Keep in mind, this is only an announcement to open the discussion and ask for feedback. In the writeup, CMS asks specifically for feedback on “how it may impact your current business processes” and “what factors the Committee should consider when determining which requests should be considered for either an April 1 or October 1 implementation date.”
Long-awaited SDOH Codes
The result of a national collaboration convened in 2019 and called the Gravity Project, this proposal (pages 122-128 of the CDC agenda) requests a number of new codes to capture specific data elements identified by the project in domains such as education, homelessness, housing instability, food and transportation insecurity, financial insecurity or hardship, inadequate drinking water and others.
For example, instead of the current single code for homelessness, proposed new codes distinguish between sheltered homelessness (includes motels or other temporary/transitional living situations) and unsheltered homelessness (includes cars, parks and abandoned buildings in addition to living “on the street”).

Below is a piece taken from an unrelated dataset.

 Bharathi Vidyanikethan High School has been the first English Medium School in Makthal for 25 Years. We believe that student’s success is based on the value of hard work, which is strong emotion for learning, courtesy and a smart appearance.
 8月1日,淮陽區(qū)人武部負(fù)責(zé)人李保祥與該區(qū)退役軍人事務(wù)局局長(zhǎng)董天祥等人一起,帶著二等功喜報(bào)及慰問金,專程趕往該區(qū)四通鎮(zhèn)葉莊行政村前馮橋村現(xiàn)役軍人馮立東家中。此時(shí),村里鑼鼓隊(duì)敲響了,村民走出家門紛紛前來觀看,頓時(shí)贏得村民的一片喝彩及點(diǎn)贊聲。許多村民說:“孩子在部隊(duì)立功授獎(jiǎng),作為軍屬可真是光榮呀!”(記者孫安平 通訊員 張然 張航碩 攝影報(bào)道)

AI-assisted Procedures, Bioprosthetic Artificial Heart, Customized 3D-printed Spinal Fusion Components and Much, Much More!
Entrepreneurship was on display at the March 9 procedure code session, with plenty of proposals applying for NTAP consideration. Many of them feature the use of AI to do things better and faster than unassisted human eyes and brains.

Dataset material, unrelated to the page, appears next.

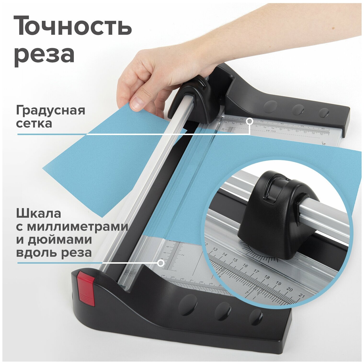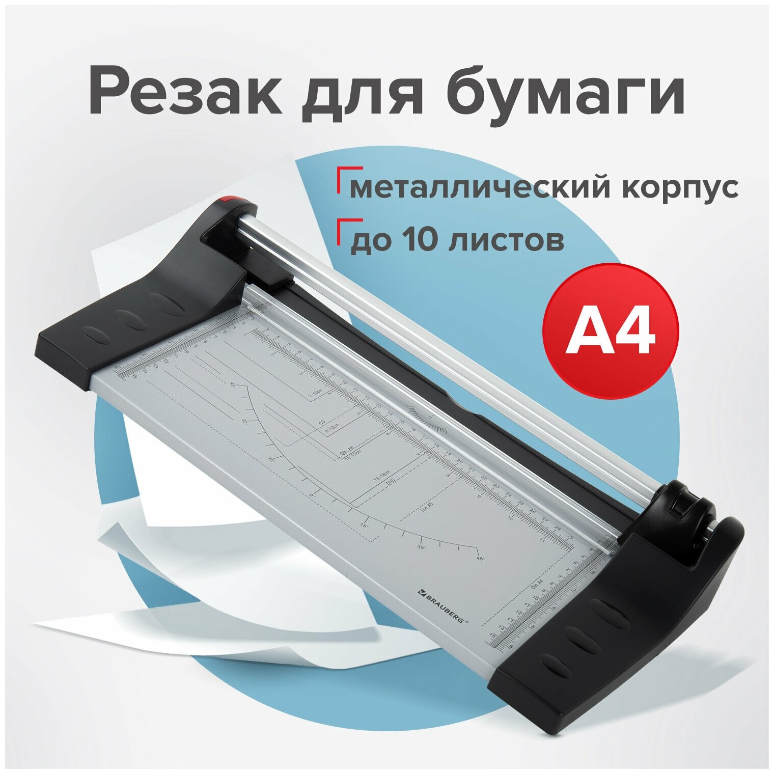 Роликовый резак для бумаги BRAUBERG может использоваться в офисах, учебных заведениях, фотомастерских для работы с документами и фотографиями, а также дома для хобби и творчества. Позволяет одновременно разрезать до 10 бумажных листов формата А4.

Transthoracic Echocardiography with Computer-Aided Image Acquisition (page 54 of the CMS agenda) uses a deep learning algorithm called a convolutional neural network (CNN) to give sonographers real-time guidance in obtaining diagnostic quality echocardiographic images.
Computer-Aided Mechanical Aspiration Thrombectomy (page 60 of the CMS agenda) is a system for removing thrombus from a vessel. The smarts in the catheter tip detect when the tip is in thrombus (as opposed to regular blood) so the aspiration pump only turns on the suction for the thrombus.
Two different software products (pages 40 and 47) use machine learning to “read” a CT scan or CT angiography and alert radiologists to pull an image from the queue when the software suspects positive findings—for stroke in one product, and for pulmonary embolism in the other.
Innovations in bioengineering were also well represented by a couple of firsts: the first bioengineered skin graft for thermal burn patients (page 37 of the CMS agenda) that includes both an epidermal and dermal layer and therefore mimics the structure and function of normal human skin; the first fully implantable artificial heart (page 43 of the CMS agenda) contains bioprosthetic surfaces and four biologic heart valves, in addition to a pump that is internal, electrohydraulic and autoregulated—all differences between this system and previous artificial heart systems.
Regrettably, I gave the diagnosis proposals short shrift, and believe it or not there is more cool stuff on the procedure agenda. If you can find time to click through the bookmarked PDFs, there may be proposals I didn’t mention that might interest you.
If you would like to comment on any of the diagnosis or procedure code proposals, below are the email addresses and deadlines.
For procedure code proposals, you can send comments by April 9, 2021 to CMS at ICDProcedureCodeRequest@cms.hhs.gov.
For diagnosis code proposals, you can send comments by May 10, 2021 to NCHS/CDC at nchsicd10CM@cdc.gov.
Rhonda Butler is a clinical research manager with 3M Health Information Systems.